[Opening Entries shown section]
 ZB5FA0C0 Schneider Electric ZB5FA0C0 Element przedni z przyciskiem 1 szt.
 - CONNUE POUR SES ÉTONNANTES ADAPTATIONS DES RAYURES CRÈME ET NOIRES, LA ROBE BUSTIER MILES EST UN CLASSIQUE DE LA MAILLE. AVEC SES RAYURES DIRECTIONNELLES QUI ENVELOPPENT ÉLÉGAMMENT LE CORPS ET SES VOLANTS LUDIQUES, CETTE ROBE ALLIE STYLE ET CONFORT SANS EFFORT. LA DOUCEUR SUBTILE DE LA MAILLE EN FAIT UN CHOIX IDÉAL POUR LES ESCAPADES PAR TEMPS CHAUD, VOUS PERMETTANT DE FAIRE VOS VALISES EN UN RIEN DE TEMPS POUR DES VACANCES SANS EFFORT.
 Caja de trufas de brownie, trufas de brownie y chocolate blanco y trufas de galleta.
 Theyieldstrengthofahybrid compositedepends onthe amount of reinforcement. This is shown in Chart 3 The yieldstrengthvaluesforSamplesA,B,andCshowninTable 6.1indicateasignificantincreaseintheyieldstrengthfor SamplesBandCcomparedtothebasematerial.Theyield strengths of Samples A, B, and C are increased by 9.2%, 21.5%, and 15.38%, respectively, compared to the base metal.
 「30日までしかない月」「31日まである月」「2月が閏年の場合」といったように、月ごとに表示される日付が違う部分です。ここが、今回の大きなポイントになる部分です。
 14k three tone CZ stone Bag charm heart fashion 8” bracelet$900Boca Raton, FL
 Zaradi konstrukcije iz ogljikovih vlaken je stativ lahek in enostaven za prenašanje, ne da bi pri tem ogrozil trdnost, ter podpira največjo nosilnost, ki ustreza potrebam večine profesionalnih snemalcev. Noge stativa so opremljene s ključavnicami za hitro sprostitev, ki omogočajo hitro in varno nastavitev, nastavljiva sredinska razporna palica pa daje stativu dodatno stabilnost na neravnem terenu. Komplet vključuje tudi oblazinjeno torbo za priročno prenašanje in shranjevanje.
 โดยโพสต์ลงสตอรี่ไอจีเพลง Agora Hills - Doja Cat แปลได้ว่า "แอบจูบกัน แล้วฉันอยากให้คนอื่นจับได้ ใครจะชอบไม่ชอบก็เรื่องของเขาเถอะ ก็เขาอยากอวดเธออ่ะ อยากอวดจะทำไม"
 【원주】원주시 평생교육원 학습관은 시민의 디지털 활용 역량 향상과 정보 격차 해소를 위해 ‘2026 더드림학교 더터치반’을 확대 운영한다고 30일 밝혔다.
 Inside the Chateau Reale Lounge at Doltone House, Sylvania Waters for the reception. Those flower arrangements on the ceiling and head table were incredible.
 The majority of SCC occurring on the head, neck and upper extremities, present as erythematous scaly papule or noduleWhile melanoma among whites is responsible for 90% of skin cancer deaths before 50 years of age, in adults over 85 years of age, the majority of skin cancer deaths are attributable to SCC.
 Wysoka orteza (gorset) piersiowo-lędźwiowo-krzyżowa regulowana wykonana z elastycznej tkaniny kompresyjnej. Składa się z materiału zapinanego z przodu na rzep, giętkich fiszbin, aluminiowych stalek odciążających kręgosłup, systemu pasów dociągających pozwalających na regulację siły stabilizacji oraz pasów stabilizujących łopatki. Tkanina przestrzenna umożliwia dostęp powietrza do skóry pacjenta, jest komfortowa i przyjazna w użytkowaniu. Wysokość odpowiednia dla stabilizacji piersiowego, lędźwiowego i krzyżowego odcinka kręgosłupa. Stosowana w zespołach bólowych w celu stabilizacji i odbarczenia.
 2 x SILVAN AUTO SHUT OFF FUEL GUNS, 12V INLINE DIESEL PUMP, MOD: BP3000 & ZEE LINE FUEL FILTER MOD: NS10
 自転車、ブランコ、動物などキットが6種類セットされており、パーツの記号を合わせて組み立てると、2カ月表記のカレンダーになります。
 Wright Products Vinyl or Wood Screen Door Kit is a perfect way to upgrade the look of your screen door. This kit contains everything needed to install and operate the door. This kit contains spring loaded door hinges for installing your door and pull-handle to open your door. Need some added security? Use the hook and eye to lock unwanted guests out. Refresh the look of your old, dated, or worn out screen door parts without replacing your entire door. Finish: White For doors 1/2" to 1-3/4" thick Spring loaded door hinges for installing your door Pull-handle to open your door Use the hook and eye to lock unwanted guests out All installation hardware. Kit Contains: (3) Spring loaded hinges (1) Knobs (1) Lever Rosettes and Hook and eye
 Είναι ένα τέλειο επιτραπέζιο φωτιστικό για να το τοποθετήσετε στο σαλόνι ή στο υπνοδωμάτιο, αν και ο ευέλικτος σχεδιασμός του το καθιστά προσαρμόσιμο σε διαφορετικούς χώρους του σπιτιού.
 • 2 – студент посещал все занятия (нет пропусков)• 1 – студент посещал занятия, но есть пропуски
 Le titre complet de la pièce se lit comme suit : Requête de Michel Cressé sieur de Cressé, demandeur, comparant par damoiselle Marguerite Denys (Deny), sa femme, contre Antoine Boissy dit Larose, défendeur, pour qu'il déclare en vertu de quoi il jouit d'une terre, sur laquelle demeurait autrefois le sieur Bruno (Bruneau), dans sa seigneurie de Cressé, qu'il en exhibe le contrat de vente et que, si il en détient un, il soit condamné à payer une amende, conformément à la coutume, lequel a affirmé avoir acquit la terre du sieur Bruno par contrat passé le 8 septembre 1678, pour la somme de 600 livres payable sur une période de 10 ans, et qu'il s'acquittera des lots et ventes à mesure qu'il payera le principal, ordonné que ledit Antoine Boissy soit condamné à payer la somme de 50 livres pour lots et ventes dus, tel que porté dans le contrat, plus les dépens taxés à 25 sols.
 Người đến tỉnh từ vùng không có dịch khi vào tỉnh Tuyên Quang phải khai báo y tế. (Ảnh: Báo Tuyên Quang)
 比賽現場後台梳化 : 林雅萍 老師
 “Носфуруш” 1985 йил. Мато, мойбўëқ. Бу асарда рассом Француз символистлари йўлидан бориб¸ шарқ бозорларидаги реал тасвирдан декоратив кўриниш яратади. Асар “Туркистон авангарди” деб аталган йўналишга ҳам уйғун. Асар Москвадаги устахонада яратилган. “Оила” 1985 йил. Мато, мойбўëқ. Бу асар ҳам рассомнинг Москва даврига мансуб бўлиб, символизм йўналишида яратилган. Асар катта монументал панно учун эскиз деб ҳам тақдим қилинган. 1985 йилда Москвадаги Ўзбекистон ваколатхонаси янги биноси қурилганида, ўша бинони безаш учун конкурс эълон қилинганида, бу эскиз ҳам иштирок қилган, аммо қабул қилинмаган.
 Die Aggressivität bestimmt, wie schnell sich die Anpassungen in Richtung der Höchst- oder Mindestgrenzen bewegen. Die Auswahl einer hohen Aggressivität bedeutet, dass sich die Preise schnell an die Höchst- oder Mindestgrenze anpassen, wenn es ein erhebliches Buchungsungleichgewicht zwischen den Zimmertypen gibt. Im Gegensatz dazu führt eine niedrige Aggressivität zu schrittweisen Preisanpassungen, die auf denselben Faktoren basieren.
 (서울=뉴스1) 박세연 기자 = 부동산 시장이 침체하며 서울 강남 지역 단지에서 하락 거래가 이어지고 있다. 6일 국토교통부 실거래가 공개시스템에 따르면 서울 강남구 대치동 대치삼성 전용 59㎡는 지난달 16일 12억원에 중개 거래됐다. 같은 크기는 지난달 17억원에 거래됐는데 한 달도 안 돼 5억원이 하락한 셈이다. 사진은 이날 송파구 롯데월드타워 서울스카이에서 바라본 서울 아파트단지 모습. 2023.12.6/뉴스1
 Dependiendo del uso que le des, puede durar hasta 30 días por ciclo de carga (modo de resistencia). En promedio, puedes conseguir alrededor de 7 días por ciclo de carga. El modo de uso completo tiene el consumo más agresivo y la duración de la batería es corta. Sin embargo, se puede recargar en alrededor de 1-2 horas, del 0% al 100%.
[Closing Entries shown section]
Please set down again, word for word, only the lines from the start of the entries through the line with "Caja de trufas", both ends included.

 ZB5FA0C0 Schneider Electric ZB5FA0C0 Element przedni z przyciskiem 1 szt.
 - CONNUE POUR SES ÉTONNANTES ADAPTATIONS DES RAYURES CRÈME ET NOIRES, LA ROBE BUSTIER MILES EST UN CLASSIQUE DE LA MAILLE. AVEC SES RAYURES DIRECTIONNELLES QUI ENVELOPPENT ÉLÉGAMMENT LE CORPS ET SES VOLANTS LUDIQUES, CETTE ROBE ALLIE STYLE ET CONFORT SANS EFFORT. LA DOUCEUR SUBTILE DE LA MAILLE EN FAIT UN CHOIX IDÉAL POUR LES ESCAPADES PAR TEMPS CHAUD, VOUS PERMETTANT DE FAIRE VOS VALISES EN UN RIEN DE TEMPS POUR DES VACANCES SANS EFFORT.
 Caja de trufas de brownie, trufas de brownie y chocolate blanco y trufas de galleta.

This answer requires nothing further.